Rapid coherent Raman hyperspectral imaging based on delay-spectral focusing dual-comb method and deep learning algorithm

Rapid coherent Raman hyperspectral imaging shows great promise for applications in sensing, medical diagnostics, and dynamic metabolism monitoring. However, the spectral acquisition speed of current multiplex coherent anti-Stokes Raman scattering (CARS) microscopy is generally limited by the spectrometer integration time, and as the detection speed increases, the signal-to-noise ratio (SNR) of single spectrum will decrease, leading to a terrible imaging quality. In this Letter, we report a dual-comb coherent Raman hyperspec-tral microscopy imaging system developed by integrating two approaches, a rapid delay-spectral focusing method and deep learning.
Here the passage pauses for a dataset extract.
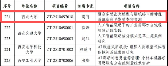 近日,教育部学位与研究生教育发展中心正式公布2025年度主题案例立项结果。由我院冯筠教授牵头申报的“融合多模态大模型与脑机接口的神经系统疾病早期筛查和监测”项目成功入选“人工智能+”主题案例。这是我院在人工智能与医疗健康交叉融合领域,推动专业学位研究生课堂落地实践取得的重要成果。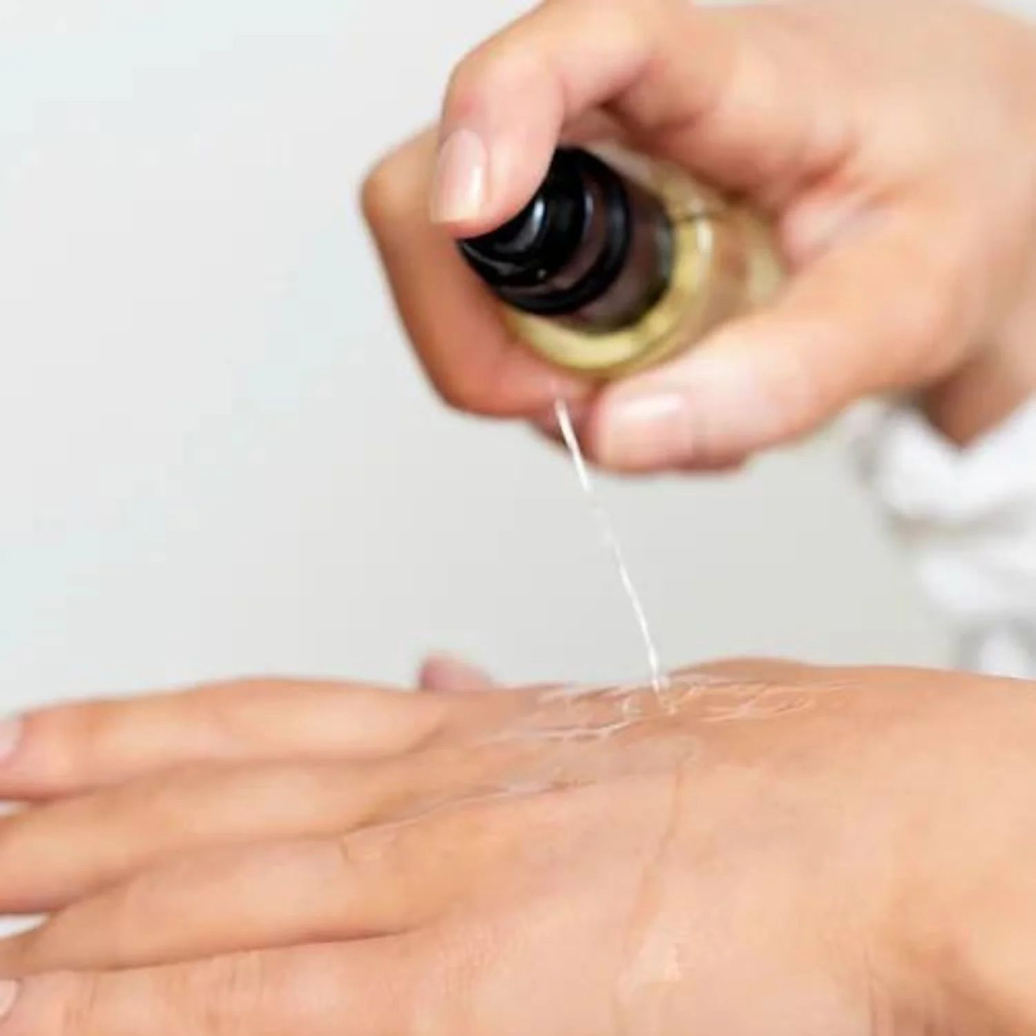 Gebruik de olie onder de douche in plaats van zeep. 1) Maak de huid nat. 2) Breng de olie aan tussen de binnenste en buitenste schaamlippen. 3) Spoel af.

The spectral refresh rate is exploited by focusing the relative delay scanning in the effective Raman excitation region, enabling a spectral acquisition speed of 36 kHz, approximate to 4 frames/s, for a pixel resolution of 95 x 95 pixels and a spectral bandwidth no less than 200 cm(-1). To improve the spectral SNR and imaging quality, the deep learning models are designed for spectral preprocessing and automatic unsupervised feature extraction. In addition, by changing the relative delay focusing region of the comb pairs, the detected spectral wavenumber region can be flexibly tuned to the high SNR region of the spectrum. (c) 2023 Optica Publishing Group

Automated summary

Rapid coherent Raman hyperspectral imaging has potential applications in sensing, medical diagnostics, and dynamic metabolism monitoring. However, current multiplex coherent anti-Stokes Raman scattering (CARS) microscopy is limited by the spectrometer integration time, resulting in decreased signal-to-noise ratio (SNR) and poor imaging quality. This study presents a dual-comb coherent Raman hyperspectral microscopy system that combines a rapid delay-spectral focusing method and deep learning to achieve a spectral acquisition speed of 36 kHz, approximately 4 frames/s, with improved SNR and imaging quality.